Our goal is to account for the impact of digital technologies on the writing process, demonstrating the diverse strategies of contemporary poets in digital writing and editing. Over time, Midst will constitute a digital archive offering unprecedented detail into not just the products of writers who use computers (finished poems), but their wriitng process—the digital equivalent of a notebook filled with drafts. In addition to this digital humanities archive and its obvious function as a literary journal, Midst will serve as an educational resource, illuminating the writing process for scholars and students of literature and—crucially—dispelling harmful myths about writing poetry. We’ll show how writing and editing—particularly digitally—happen in parallel; how these processes are nonlinear; and how form and content emerge simultaneously and exert mutual influence over each other during the process of writing a poem. Midst “tears down the walls” between scholarship and art, between readers and writers, between poetry and the public. Our primary goal is simply to make poetry—what it is and how it’s made—more accessible to everyone.
Midst is a collaboration between poet Annelyse Gelman, currently an MFA fellow at the Michener Center for Writers at UT Austin, and programmer Jason Grier.
Annelyse Gelman (University of Texas at Austin)
Jason Grier
The Importance of Reflection: A Call for Slow Digital Humanities
Most of the discourse around slow digital humanities has been focused on the process of building projects, or on the methods of the practitioner. While this attention to deliberate choices and values is an important part of our work as scholars, it does not take into account the readers relationship to a project. Reflection is a key aspect of humanistic thought and learning, so why has it been ignored in digital humanities? In order to reflect, the readers needs time - as well as space - to slow down. Through examining different methods of designing ways for digital humanities projects to be slower, such as uses of time, physical space, and interaction, we will look at how we can encourage reflection from readers.

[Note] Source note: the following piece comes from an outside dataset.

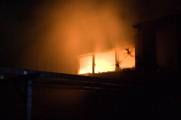 Gegen 02:15 Uhr wurden die ersten Einsatzkräfte aus Humes alarmiert. Bei der Ankunft an der nur wenige Meter neben dem Feuerwehrgerätehaus gelegenen Einsatzstelle drang bereits dichter Rauch aus dem Gebäude, Flammen waren hinter den Fenstern im Obergeschoss zu erkennen.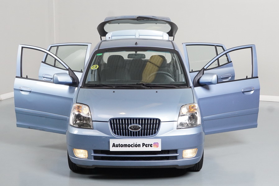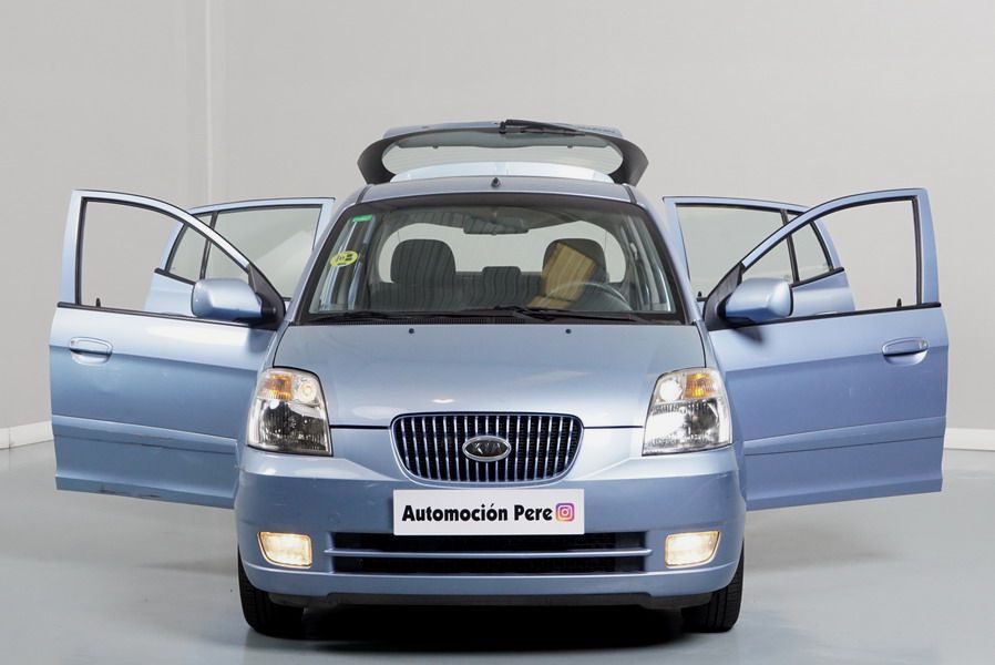 Kia Picanto 1.1i EX Automático 65 CV. 5 Puertas. Color Azul Metalizado. Aire Acondicionado, Doble Airbag, ABS, Dirección Asistida, Volante de Cuero regulable en altura, Radio/USB, 4 Elevalunas Eléctricos, Cierre Centralizado con Mando, Retrovisores Eléctricos. Muy Buen Estado Pocos Kms.

A slower experience allows time to play a role in knowledge production. Readers will have a different relationship with a project they spent 6 hours with than one they only spend 5 minutes with. By slowing down the interaction we allow layers of thought to be built up and for meaning making to happen “at a human pace” (Fullerton, 2019). How we think about and build our projects affects how our readers interact with them. When we are thinking about how to convey ideas to a reader we must consider how we are using time to our advantage to convey our themes. We should know from the start how we are designing our projects to best make use of reflection and immerse our readers in our ideas.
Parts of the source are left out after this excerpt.